# Where do you get your music?



## Dr.StephanHeimer (May 1, 2006)

Where do you get your music? Do you buy it in physical format? Do you download it legally or illegally? What are your reasons?


----------



## Chito (Feb 17, 2006)

Should have the option to vote on multiple choices. I buy new and used from a brick and mortar store and order online too altho not from iTunes. Reason? Whatever is available at the time I wanted it


----------



## dtsaudio (Apr 15, 2009)

I agree, multiple choices would be good. While I buy most music new form a store, I do buy online. However it is CD's or LP's. I can't stand the sound from the iTunes downloads, and I like to have the physical medium.


----------



## reccon (Jan 6, 2011)

Amazon.ca gets my vote


----------



## bscott (Mar 3, 2008)

I purchase from Amazon and brick and mortar stores. There is an awful lot of material that you cannot get here in Ottawa so the only solution for me is Amazon.

B


----------



## Robert1950 (Jan 21, 2006)

I would have to answer more than one. Bricks and mortar used, and iTunes.No, make that three,... other. I also download free tunes from artist's sites.


----------



## Dr.StephanHeimer (May 1, 2006)

Multiple choices would have been good, is there a way to change it?
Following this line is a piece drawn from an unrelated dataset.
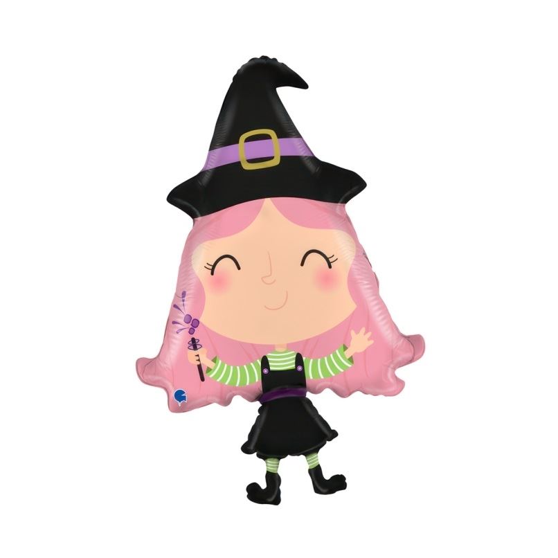 Globo Brujita Adorable foil 79cm x 53cm Este globo de bruja mide 79 cm y es una excelente opción para decorar fiestas temáticas de Halloween. Con su diseño divertido y encantador de una bruja con pelo rosa, es perfecto para crear un ambiente amigable y alegre en celebraciones tanto para niños como para adultos. Su tamaño lo hace ideal como pieza central o complemento para decorar espacios amplios. Además, es fácil de combinar con otros elementos de la fiesta. ¡Haz que tu celebración sea inolvidable con este adorable globo de bruja!

Looks like brick and mortar stores are more alive and kicking than I had thought. Anyone want to mention which stores they go to? I like Sunrise and The Beat Goes On a lot, HMV is a lil corporate but the selection is still alright. 

Over the last few years I’ve noticed myself listening to cd mainly in the car. Otherwise I’m listening on the computer or (non Apple branded) MP3 player. I also found myself second guessing whenever I was shopping for cd’s and thinking about how much technology has changed the way I get and how I listen to music. 
Has anyone else noticed their buying or listening habits change?


----------



## torndownunit (May 14, 2006)

I need a multiple choice option as well.

I use a variety of sources. If bands have a Bandcamp page, it is my preference because you can download the music in pretty much any format you want (FLAC, AIFF, WAV, mp3's of various bitrates). I have bought releases through iTunes. I haven't purchased a physical CD in at least a year though, and have no desire to. I only want digital, or vinyl releases.

The main reason I don't use digital pay services more is that I have major issues paying close to CD prices for lossy audio formats. Bandcamp is one of the few sites that offer FLAC or WAV. If I am paying CD prices (eg $1 a track), I should be getting CD quality. Especially when there are basically no distribution or packaging costs. Why should a 13 track digial album in an mp3 format cost $13?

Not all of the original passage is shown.